We do not only keep executing our ongoing projects, especially in coordination with them, but also we are assisting and analyzing how to restart damaged facilities. Our clients in the Middle East are strong and reliable, and the message we have received from them is clear.
We want to complete the existing projects as fast as feasible and to launch together a massive volume of new investments. Let's now move to the second topic, impact in the existing project.
It is a fact that 2/3 of our current backlog is in the Middle East and somehow all the projects in the region are being affected. But it is a fact as well that only a limited number of projects, and I would say just 4, which are deep inside the construction phase are significantly impacted.
The amount of these 4 projects in our backlog is around EUR 1.5 billion. Main impacts obviously has to do with safety, logistics and site disruptions.
First, safety. We have impact because our own workforce in the area is close to 4,000 people, and we have implemented all available measures to protect them.
Second, logistics. Impacts come because the closure of Hormuz, has blocked the arrival of equipment and bulk material and has forced us to divert the transportation to alternative routes when possible.
As of today, 1,061 shipments have already been -- have already were about to be affected and some equipment, which impact in the critical path of the construction is not in the sites. And third, disruptions on sites because the difficulties to mobilize large construction teams to make them work efficiently under this scenario and the delay of arrival of equipment and work have slowed down the rhythm of execution.
Since the conflict started, clients have been collaborative and supportive. But above all, they have insisted in the need to accelerate the execution in the future to minimize schedule impact.
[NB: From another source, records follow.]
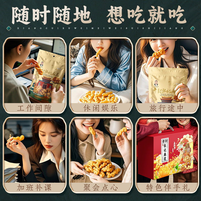 📚 张记麻花总店开封书店街汴发小麻花香酥脆传统河南特产礼盒小包装
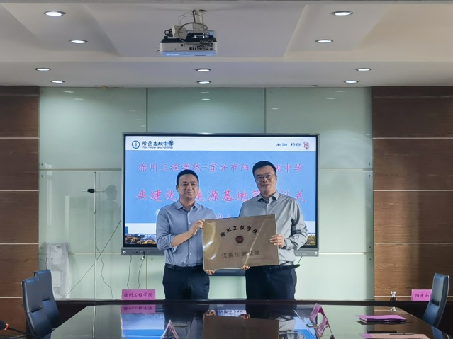 7790cnm必发集团耿中华书记与宜兴市阳羡高级中学、宜兴市第二高级中学分别签订了共建优质生源基地协议,涂宝军部长为两所中学分别颁授“7790必发集团优质生源基地”牌匾。
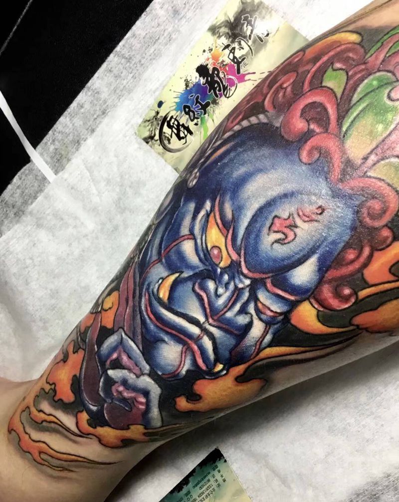当前位置: 首页 >上海市纹身店-自由刺青纹身图案>大黑天纹身图片_腿部New School人物纹身图案
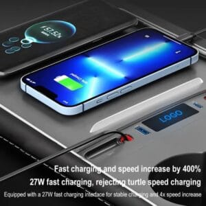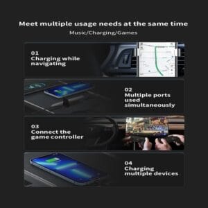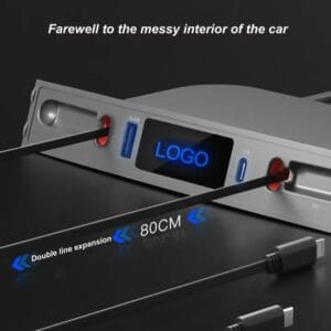 - HUB включает в себя два зарядных кабеля и два USB-порта. Как водители, так и пассажиры смогут быстро и эффективно заряжать свои устройства. Выдвижной кабель: разъем Type-C: QC3.0 18 Вт и iPhone PD: зарядка 27 Вт. USB-A: 5 В 2,4 А, Type-C: зарядка 5 В 3 А. 2.
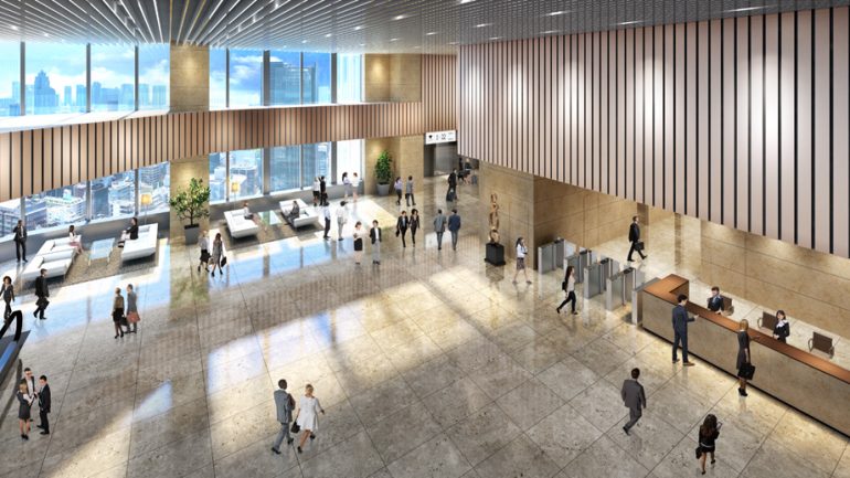 低層部(10階~20階、基準階面積約1,900坪)と高層部(22階~38階、基準階面積約1,300坪)からなるエリア最大級のフロアプレートを有するオフィスを整備。10階および21階には光と風を感じながら東京のアーバンビューを一望できる屋外スカイガーデンを設ける。
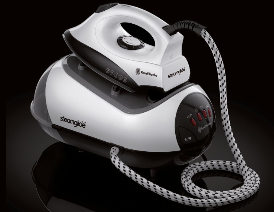 Ein abnehmbarer Wassertank bei einer Dampfbügelstation bedeutet nicht nur, dass sich das Nachfüllen besonders komfortabel gestaltet. Gleichzeitig heißt dies nämlich auch, dass der separate Dampfgenerator dafür nicht extra abgeschaltet werden muss und dadurch Zwangspausen beim Bügeln nicht notwendig werden – die Geräte mit fixiertem Wassertank benötigen eine gewisse Zeit zum Abkühlen und anschließend auch wieder zum Aufheizen. Dies ist bei der Station von Russell Hobbs nicht der Fall. Der Wassertank kann ohne Bedenken während des Betriebs vom Generator abgenommen werden, vor allem für bei größeren Mengen an Bügelwäsche kommt die Arbeit daher nicht ins Stocken, der Zeitgewinn kann recht beträchtlich sein. Mit einer Füllmenge von 1 Liter muss die Russell Hobbs allerdings öfter nachgefüllt werden als die Spitzenmodelle unter den Dampfbügelstationen, die sich mit 1,5 Litern oder sogar mehr auftanken lassen. Diese Modelle sind allerdings in der Regel auch merklich teurer als die Russell Hobbs. In puncto Ausstattung wiederum sticht bei dieser die arretierbare Dampftaste besonders ins Auge. Denn es handelt sich dabei um ein Komfortmerkmal, das unter den Low-Budget-Modellen ebenfalls eher selten anzutreffen ist. In puncto maximale Dampfmenge pro Minute wiederum sticht die Russell Hobbs nicht hervor. Ihre 100 g/min reichen jedoch vollkommen für jede Art von Bügelwäsche aus, zumal der Dampf unter hohen 5 bar Druck zur Bügelsohle geleitet wird und entsprechend gut in das Gewebe eindringen kann. Die Kombination aus hoher Dampfmenge und Druck kommt dem Benutzer ferner beim Einsatz der Vertikaldampffunktion entgegen, also immer dann, wenn Hemden/Blusen oder Anzüge direkt auf dem Kleiderbügel aufgefrischt werden sollen. Ein mit drei Metern außergewöhnlich langes Stromkabel sowie eine Anti-Kalk-Kassette, die zur Reinigung herausgenommen werden kann, runden die Ausstattung ab.

Although the conflict is not over yet, we are analyzing together with clients how to accelerate. And I wish to remind you now this kind of acceleration plans are not so unusual, and they were widely implemented by TR last year in the region.
But we have to be prudent. We have to be prudent.
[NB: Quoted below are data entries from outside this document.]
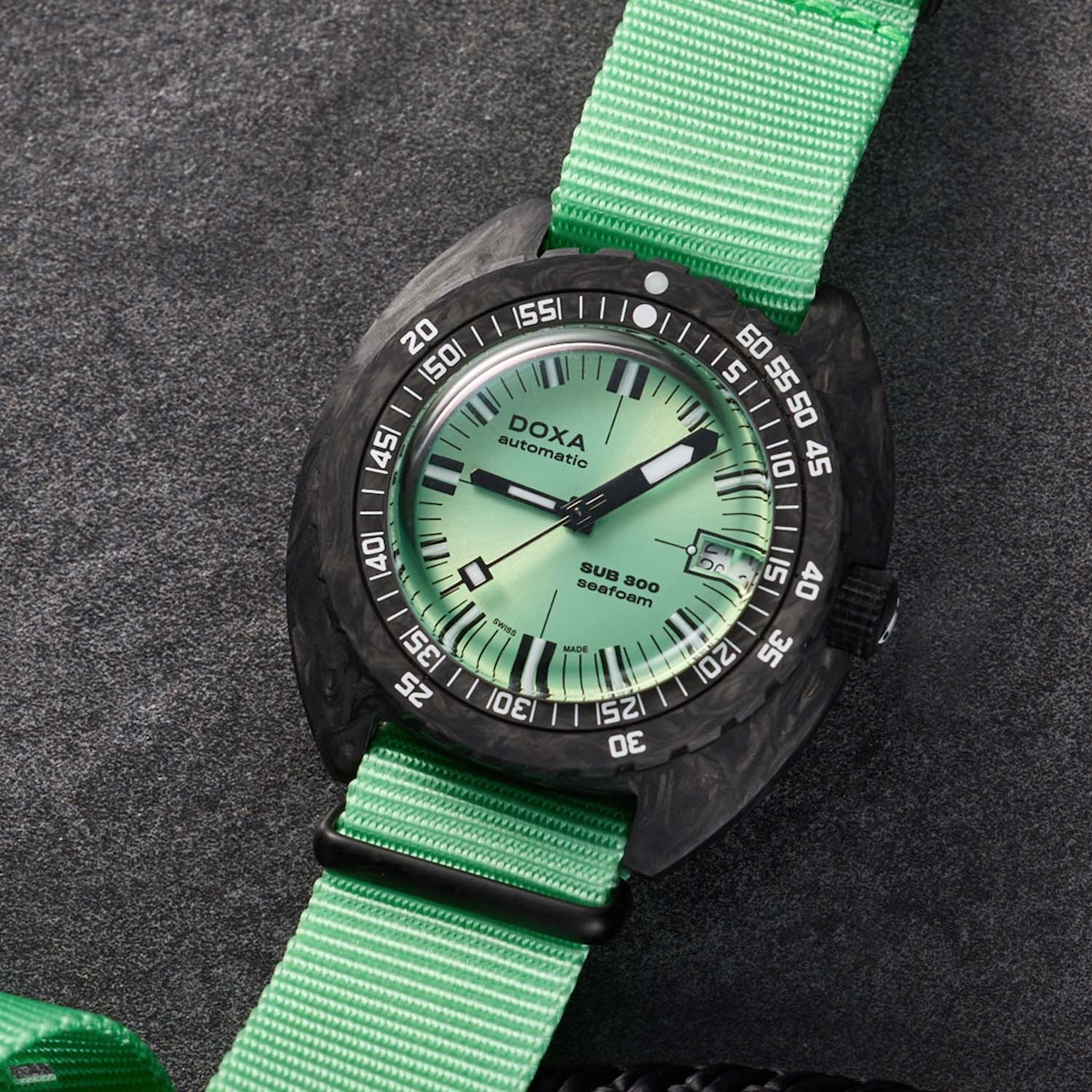 The real talking point is the Seafoam green dial, exclusive to this collaboration. Its pastel tone contrasts vividly against the dark carbon case, making the watch feel youthful, bold, and ready for summer adventures. Large applied indices filled with Super-LumiNova ensure excellent legibility, while the date at three o’clock and orange minute hand give it the distinctive Doxa look.
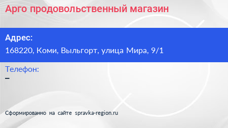 Арго, продовольственный магазин по адресу 168220, Коми, Выльгорт, улица Мира, 9/1 в дальнейшем Организация, размещена в следующих категориях:
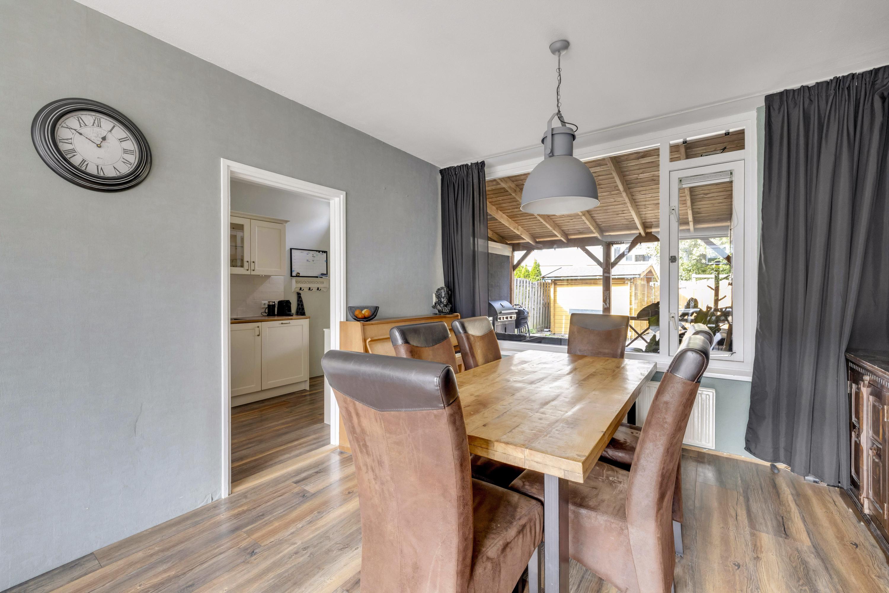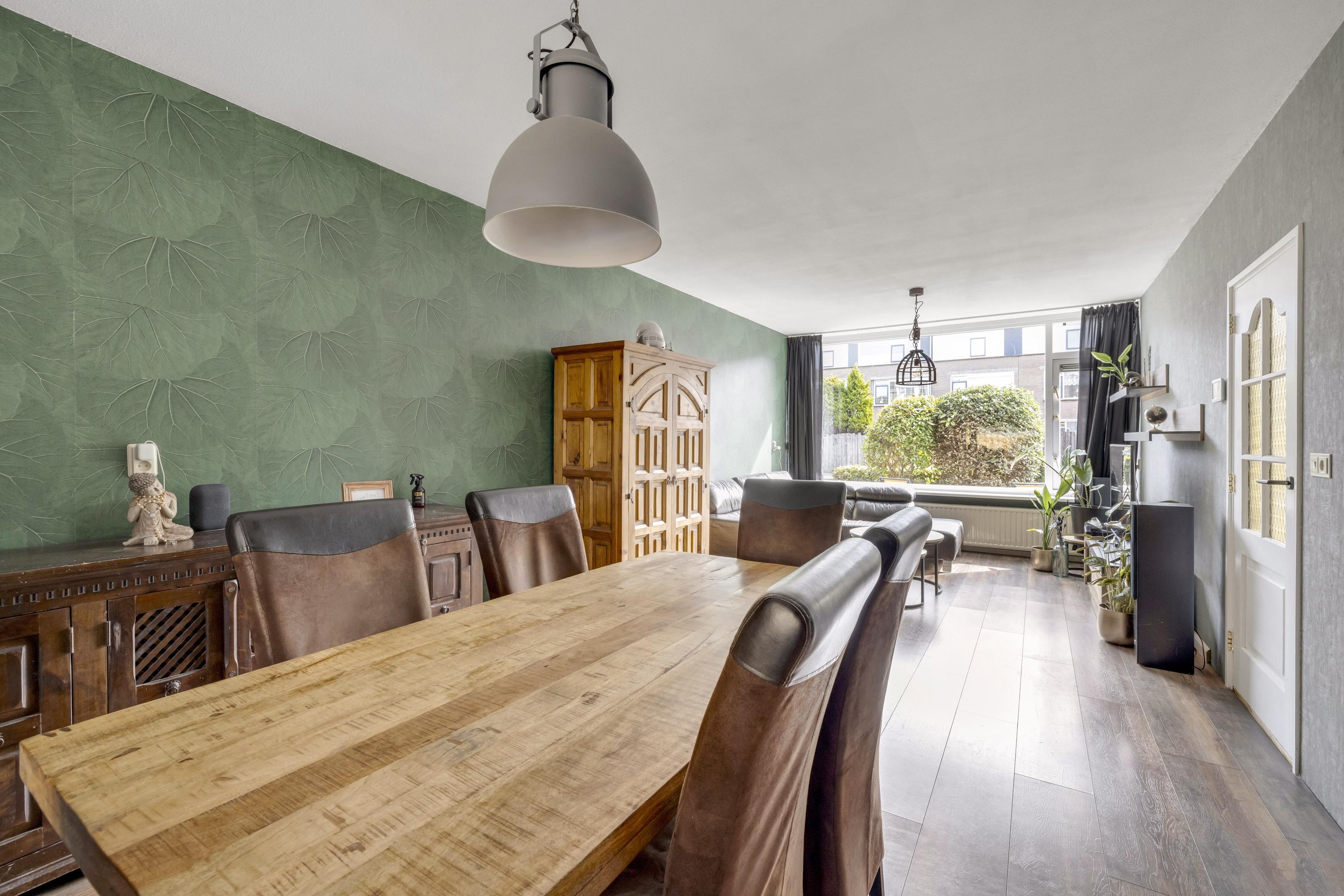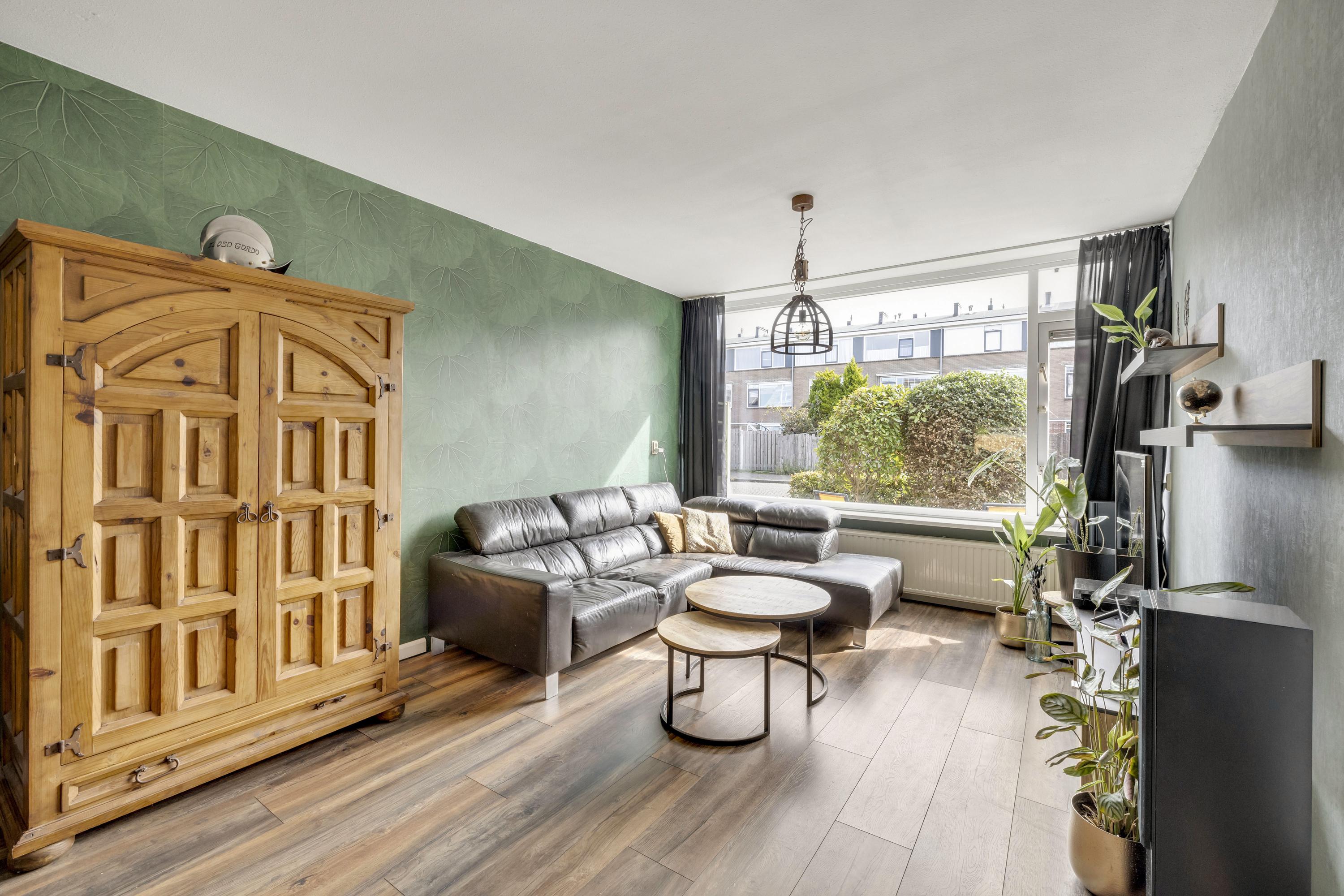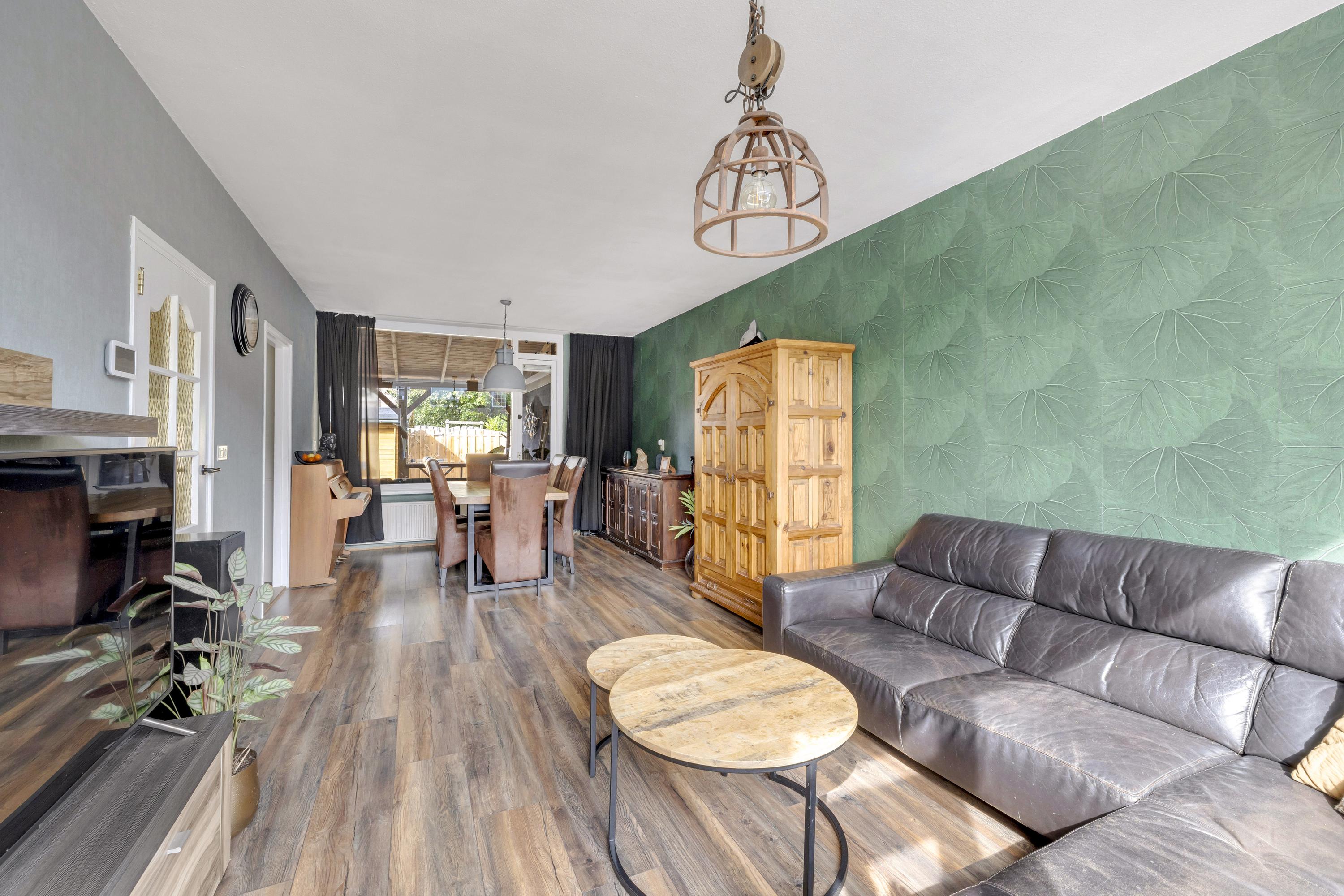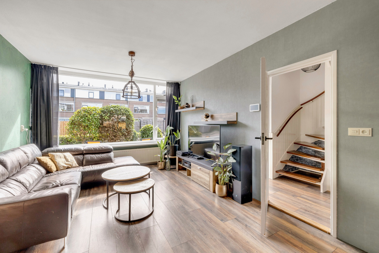 De heerlijk lichte woonkamer, type doorzon, heeft aan de voor- en achterzijde een grote raampartij en is v.v. een laminaatvloer welke in de keuken doorloopt.

And we have analyzed the potential final impact of the conflict in the 4 projects affected. Assuming hostilities will not resume and the Strait is open within this second quarter before June, before the end of June, we estimate the global impact will be in the range of EUR 40 million to EUR 50 million.
And we have booked a wide shot provision of EUR 45 million in our first quarter accounts. Now Juan will analyze how the project is giving us new opportunities for all around the world.
Juan Arburua
Okay. This current situation in the Middle East is somehow in fact, is accelerating all the structural trends in the energy sector, in our sector and accelerating some of the investments planned in some of the regions.
And I'm going to focus on 3 areas of business and regions. I'm going to focus on America, Power and Europe.
America, which you will see there are opportunities and they have to accelerate the oil and gas, LNG, power and midstream. Everything has to be accelerated and they're doing so.
Power, as there is a compulsory need to electrification. And Europe, because Europe more than ever is focused to reduce energy dependency, sustainability of fuels, focus on electrification and obviously, focus on decarbonization.
Let's start with America. This is one of the more visible trends of pipeline.
We're seeing new opportunities in multiple countries, including Canada, the United States, Panama, Venezuela and Argentina. And all of this translates into a very significant pipeline of about EUR 36 billion only in that region.
We focus in the United States. I think it's important to note that we just landed only 2 years ago -- and today, we're facing extremely important pipeline.
In the United States, we have something to offer. So talking about the United States, let me give you some more details for North America, which is, again, clearly becoming one of the most strategic and with growth opportunity regions for Técnicas Reunidas.
Let me start from the top, working on a FEED awarded for a gas terminal and transportation and transportation facilities, I cannot disclose the customer. We're not allowed, but I can tell you that it's a Tier 1 operator in the U.S.
It's a midstream operator. What's extremely relevant in that client that it has subsequently awarded other phases in this huge development to TR.
Today, we're working on Phase 4, and we do in addition to that 4 improving, looking -- working very hard on that Phase 4, which is a reflection of the quality of TR capacity on delivery. We do have something to offer.
The second one, the second job is the Coastal link that we are ready on Phase 2. When we started with them, we were not even on Phase 1.
We were just -- we've been being tested. This is another very clear example.
This is the LNG Canada job that we have to support them in transporting the gas from the Alberta to the Pacific. And it's again another very clear example in our service-driven strategy is paying off and how TR has acknowledged the client philosophy to execute on a stage-by-stage basis.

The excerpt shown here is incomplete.